Task item:
Reproduce every entry below exactly, minus the pictures.

-----

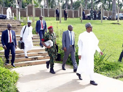 PHOTOS: Pres. Buhari departs Abuja for Edo to partake in APC governorship finale campaign
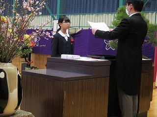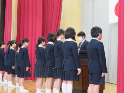 今日は、3学期の終業式で学年の修了式を行いました。1年間の締めくくりで節目の式を静粛に行いしました。
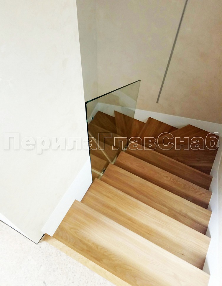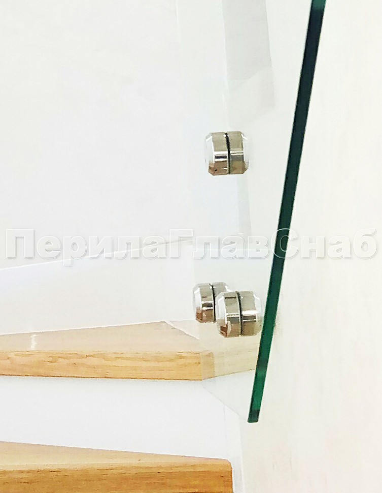 Стекло прозрачное, каленое 10 мм, крепится к торцу лестничного марша на точечном креплении из нержавеющей стали.
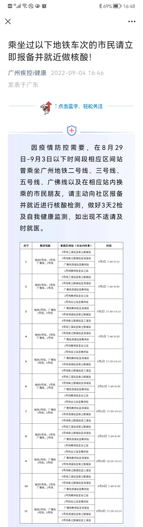 另据广州疾控消息,因疫情防控需要,在8月29日-9月3日以下时间段相应区间站曾乘坐广州地铁二号线、三号线、五号线、广佛线以及在相应站内换乘的市民朋友,请主动向社区报备并就近进行核酸检测,做好3天2检及自我健康监测,如出现不适请及时就医。
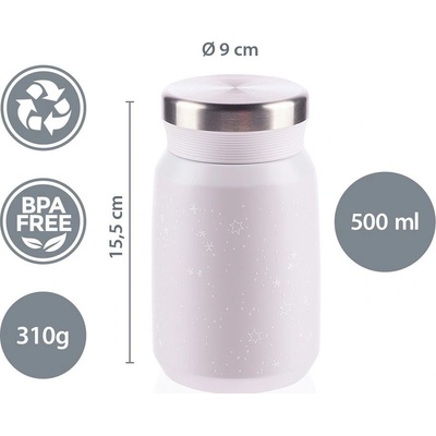Termoska na jídlo nebo na zmrzlinu se šroubovacím uzávěremí. Dvojitá stěna udržuje teplotu po dobu až 8 hodin. Plášť termosky i vnitřní nádoba jsou vyrobeny nerezové oceli....

-----

Solution below:
 PHOTOS: Pres. Buhari departs Abuja for Edo to partake in APC governorship finale campaign
 今日は、3学期の終業式で学年の修了式を行いました。1年間の締めくくりで節目の式を静粛に行いしました。
 Стекло прозрачное, каленое 10 мм, крепится к торцу лестничного марша на точечном креплении из нержавеющей стали.
 另据广州疾控消息,因疫情防控需要,在8月29日-9月3日以下时间段相应区间站曾乘坐广州地铁二号线、三号线、五号线、广佛线以及在相应站内换乘的市民朋友,请主动向社区报备并就近进行核酸检测,做好3天2检及自我健康监测,如出现不适请及时就医。
Termoska na jídlo nebo na zmrzlinu se šroubovacím uzávěremí. Dvojitá stěna udržuje teplotu po dobu až 8 hodin. Plášť termosky i vnitřní nádoba jsou vyrobeny nerezové oceli....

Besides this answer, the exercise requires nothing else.